The AfriqueQwen-14B-multiturn model, developed by McGill-NLP, is a 14 billion parameter language model fine-tuned from McGill-NLP/AfriqueQwen-14B. It is specifically optimized for multi-turn conversational tasks using the afri_multiturn dataset, offering a 32768 token context length. This model is designed for applications requiring nuanced, extended dialogue capabilities in African languages.
Loading preview...
AfriqueQwen-14B-multiturn Overview
This model is a specialized 14 billion parameter language model, fine-tuned by McGill-NLP from its base model, McGill-NLP/AfriqueQwen-14B. It leverages a substantial 32768 token context window, making it suitable for handling longer conversational exchanges.
Key Capabilities
- Multi-turn Dialogue: Specifically optimized for engaging in extended, multi-turn conversations.

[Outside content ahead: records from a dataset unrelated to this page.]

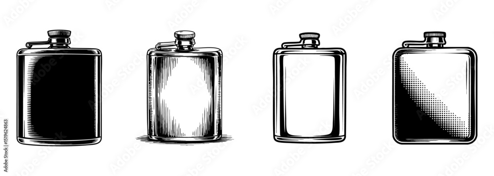 set of vintage metal hip flask and drink container vector illustrations, personal beverage portability #1519624863
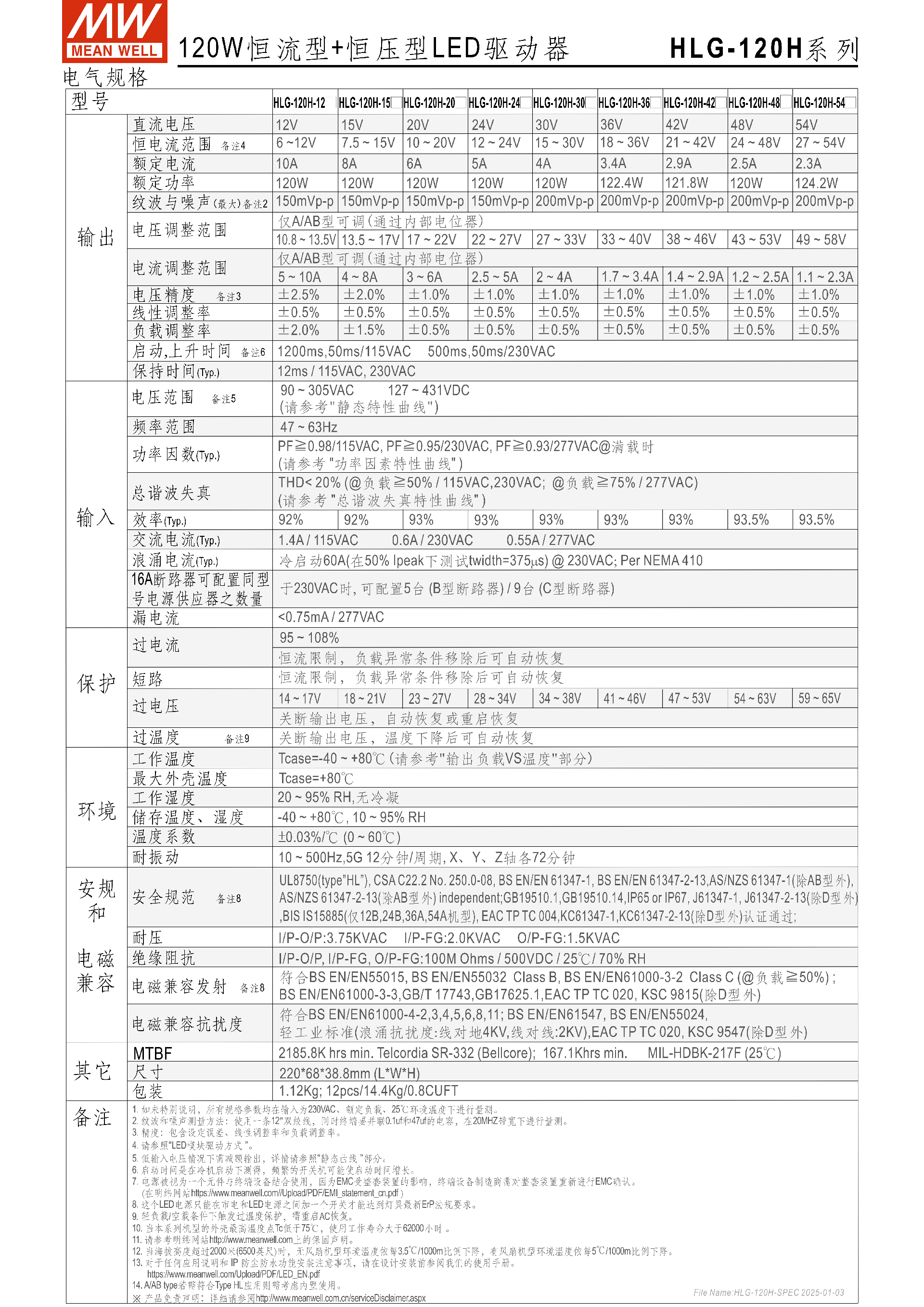系列型號編碼為HLG-120H-XX(額定輸出電壓)- 功能模式,輸出電壓涵蓋 12/15/20/24/30/36/42/48/54V 九檔,功能模式分 5 類,核心參數(shù)如下:
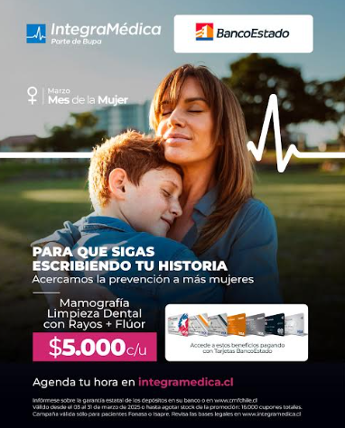 En el contexto del Mes de la Mujer, BancoEstado y Bupa reafirman su compromiso de seguir impulsando el acceso a salud de calidad, acercando la prevención a más mujeres a través de una alianza que permitirá a las mujeres acceder a mamografías en toda su red de prestadores, compuesta por las Clínicas Bupa Antofagasta, Reñaca y Santiago, además de los 33 centros médicos de IntegraMédica, con un copago máximo de $5.000 pagando con tarjetas BancoEstado. Cabe destacar que en IntegraMédica, la red ambulatoria más grande del país, se realizan más de 113.000 mamografías al año.
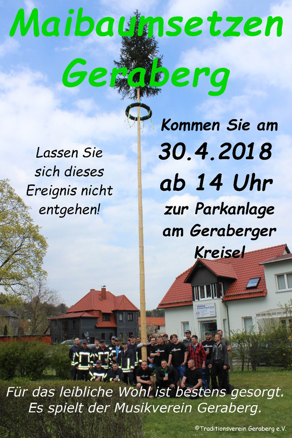 01. 05. 2018 Vor einer begeisterten Zuschauerkulisse erfolgte gestern durch den Traditionsverein, unterstützt von Helfern und abgesichert durch die örtliche Feuerwehr, das traditionelle Maibaumsetzen. [Mehr . . . ] [Video . . . ] |

- African Language Focus: Fine-tuned on the
afri_multiturndataset, indicating a focus on African language processing for conversational AI.
Training Details
The model was trained with a learning rate of 1e-05, using a cosine learning rate scheduler with 0.1 warmup steps over 5 epochs. It utilized an AdamW optimizer with specific beta and epsilon parameters, distributed across 4 GPUs with a total batch size of 8. The training environment included Transformers 5.2.0 and PyTorch 2.10.0+cu128.
Good For
- Developing conversational AI agents for African language contexts.
- Applications requiring models capable of understanding and generating long, multi-turn dialogues.
- Research into large language models adapted for specific linguistic and cultural datasets.